The US Catholic bishops have much bigger battles going on, they may not have the energy for another battle now. If a bishop does start asking, “why do we continue to give credibility to ELCA, rather than our allies in Lutheranism or ACNA, for instance?” you can be sure he will get ripped by the media as a vicious reactionary opponent of Vatican II and Pope Francis.
The staff of bishops’ conferences in the industrialized world working on ecumenism are staff exclusively hired for that office and not shared with other departments. Indeed, since the higher staff are experts in their field, they would be made redundant before they would be reassigned.
I also think that more than being “ripped by the media as a violent reactionary opponent to Vatican II,” Pope Francis would see disengaging as a personal failure to carry forward a council he profoundly embraces, as is most evident with virtually his every word and gesture.
I agree that the churches are now further apart than ever before /…/ The talks seem kinda silly to me at this point.
Happily those responsible at the Holy See for evaluating the worth of talks on Christian unity, and their counterparts in the various confessions with which we are in dialogue, see, understand and appreciate the value.
I think there are profound areas where one reaches an insurmountable obstacle on both side of the dialogue. But I also know, because of having lived it, that we are actually closer than we have been since the moments communion was ruptured within the Church. It was in 1964 that Pope Paul VI and Patriarch Athenagoras of Constantinople lifted the mutual excommunications pronounced more than nine hundred years before and set their respective Churches on the path of healing the centuries old wounds. We find ourselves a mere 51 years after their historic encounter in Jerusalem.
We have moved from using the most unfortunate of terms about each other to the more measured term of “separated brethren” to even that term being set aside.

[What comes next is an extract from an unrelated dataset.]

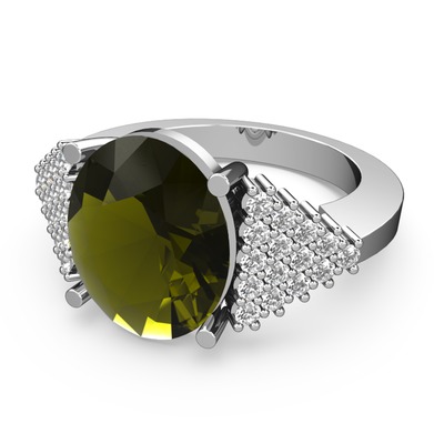 Peridot ve swarovski 8 ayar beyaz altın yüzük

As Saint John Paul II said in
Ut Unum Sint “We all belong to Christ”. That document is a milestone in the pilgrimage that we are on.
But I think more than any document, there are the incredible wordless gestures that speak in a language that transcends words…gestures as when Pope Paul VI gave his own ring, from when Archbishop of Milan, to Dr. Michael Ramsey, Archbishop of Canterbury, who was left speechless in the moment it happened, so deeply and profoundly significant was the gift from one who was Successor of St. Peter to one who was Successor of St. Augustine of Canterbury. Or of that incredible moment when Pope Francis was standing beside Patriarch Bartholomew “as Peter visiting his brother Andrew” and, inclining, Francis asked Bartholomew to bless him and to bless his Church. It was a fraternal gesture that those who saw it will never forget – and it spoke profoundly to theologians as well as to non-theologians.
Speaking merely as a Catholic party to the dialogues and to use but one example, without the lines of communication that had been established and were being used, I really can’t imagine how otherwise there could have occurred the pastoral provision that was made by Rome (thanks I wish to say in no small part to the largely unsung and unknown work of Cardinal Seper of blessed memory) to priests of the Episcopal Church in the United States which allowed them to be received into full communion with the Roman Church. It was a moment of genuine joy.
These men were received into the Roman Church, dispensed from the obligation of clerical celibacy if married, and ordained as Catholic priests in view of their years of ministry.
The same provision allowed congregations to be received corporately into full communion with Rome and celebrate the liturgy using a special book created for them by the Holy See, the Book of Divine Worship, which preserved for them their legitimate liturgical patrimony by incorporating elements from the Book of Common Prayer into how they would worship as Roman Catholics of Anglican Use.
It was a joy some 25 years later to see this provision expanded and extended by Anglicanorum coetibus with the establishment of Ordinariates for the United Kingdom, the United States, Canada and Australia…headed by prelates who were formerly bishops in the Anglican Communion.